Стихи поначалу казались более безобидным занятием. Синий томик Мандельштама, купленный на черном рынке, удивил отца непомерной ценой, но все же внешне напоминал другие книги из обширной домашней библиотеки. Хотя другие книги были потолще, посолидней.
Впрочем, я снова забежал далеко вперед. Стихи, Мандельштам – это уже “Девятый класс. Вторая школа”. А книги возникли в моей детской жизни довольно рано. Однако все началось не как положено, с репок и колобков, а с корешков.
Перед сном кресло раскладывалось в кровать вдоль бесконечных библиотечных шкафов, и потому читать я учился, упрямо борясь с неминуемым сном, по тем корешкам книг, что оказывались на уровне полусонных глаз.
Я лежа читал корешки подряд, снизу вверх:
Это были миниатюрные книжки издательства “
Когда мама вернулась из ташкентской эвакуации, квартира была пуста. Ни стола, ни стула, ни библиотеки.
Все объяснил немногословный дворник, очень уважавший деда: “Очень холод был”. Книги, как и мебель, ушли на обогрев лютой военной зимой, помогли его семье выжить.

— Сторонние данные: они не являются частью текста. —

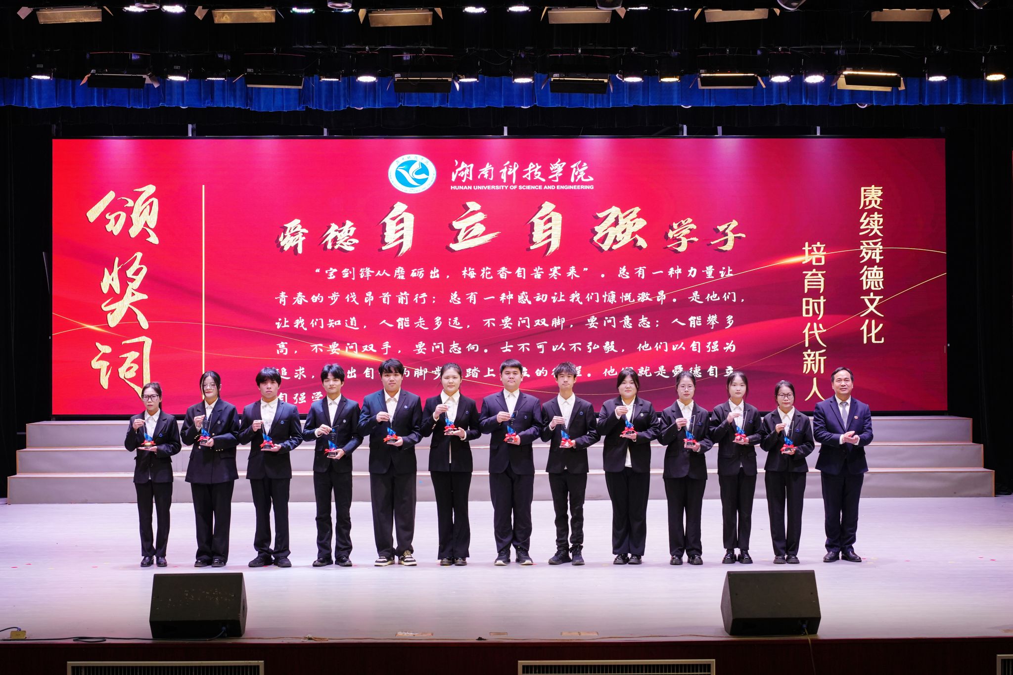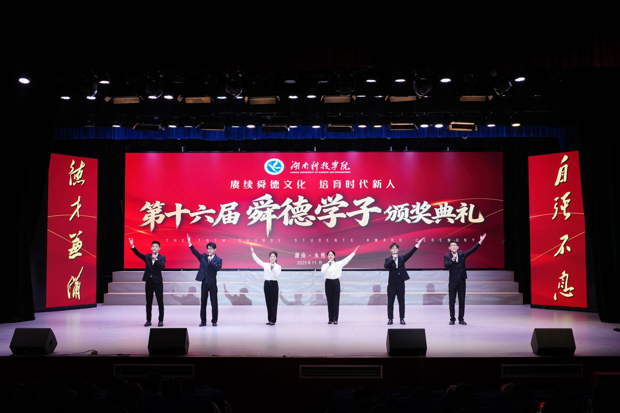 本网讯(记者 谷利梅 彭晥君 摄影 梁自元)舜德千载润青衿,薪火相传启新程。11月24日,我校举行第十六届“舜德学子”颁奖典礼,101名优秀学子获表彰。校党委书记李钢,党委副书记、校长黄创霞等全体在校校领导出席典礼。

Не худшая, надо признать, участь для книг.
От всей дедовской библиотеки остались только эти маленькие книжечки (поскольку баловство, тепла никакого) и еще – огромные парадные тома собрания пушкинских сочинений с дерматиновыми бакенбардами на обложке, выпущенные к отмечавшемуся с размахом юбилею его смерти в 1937 году.

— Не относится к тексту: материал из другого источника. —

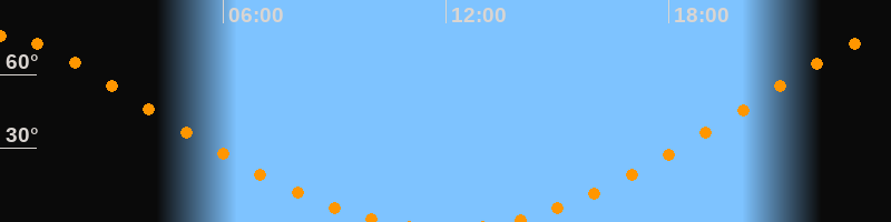 | Aufgang | 13:30 Uhr im Norden (αAz = 17,9°) |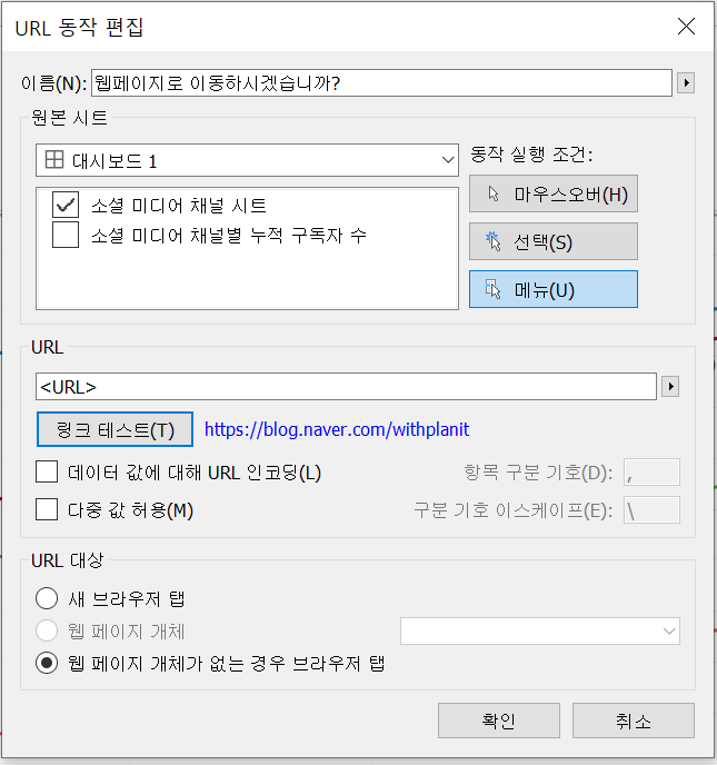URL부분은 > 세모부분을 눌러 URL을 선택하고 확인을 눌러줍니다.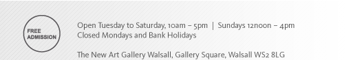 Ceri Hand Bob And Roberta Smith Cedar Lewisohn Deborah Robinson Zoe Lippett Fiona Venables Deirdre Figueiredo Harun Morrison Biographies for each of the visitors are available on our website: www.tpwestmidlands.org.uk/studio-visits/ To apply, please visit www.tpwestmidlands.org.uk/studio-visits/ to download an application form. The deadline for all applications will be Friday 5 October. Further studio visits will be announced later in the year to take place in Spring 2013. For more information about the artist development programme run by The New Art Gallery Walsall, supported by Turning Point West Midlands, please click the link below: ....................................................................................................... Also at The New Art Gallery Walsall, a series of artists' talks to support the forthcoming exhibitions and the Artist Development programme: Harminder Judge Saturday 20 October, 2pm Fiona Rae Saturday 17 November, 2pm Jodie Carey Saturday 24 November, 2pm Book your free place in advance by calling 01922 654400. | ||

После грандиозных государственных поминок по Александру Сергеевичу наш дворник проникся таким уважением к солнцу русской поэзии, что не сжег Пушкина, поскольку, в отличие от барона Жоржа Шарля д’Антеса, вовремя осознал, на что он руку поднимал.

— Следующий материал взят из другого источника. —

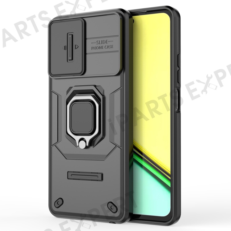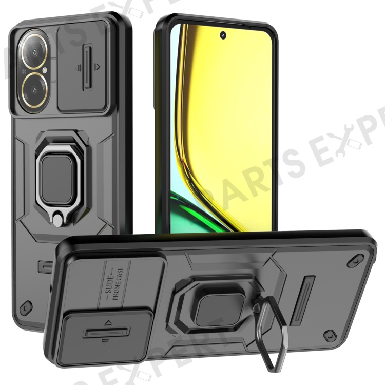 For Realme C67 4G Case PC+TPU Slide Lens Lid Phone Cover - Black

Эти пушкинские тома с роскошными картинками, укрытыми шуршащей папиросной бумагой, я любил рассматривать, еще не умея толком читать.
В детский сад я не ходил, был абсолютно домашним ребенком. И никаких пионерлагерей в моем детстве не было. На все лето снимали дачу – в Малаховке или в Кратове (где ж еще).
Мы жили там с бабой Эсей, мама привозила из города продукты.
Помню, открывается скрипучая калитка, возникает мама с двумя авоськами, я бегу к ней через дачный участок, утыкаюсь в маму лицом и, задрав голову, смотрю на нее.
Потом мы вместе идем к дому, и я, счастливый, держусь за мамину юбку.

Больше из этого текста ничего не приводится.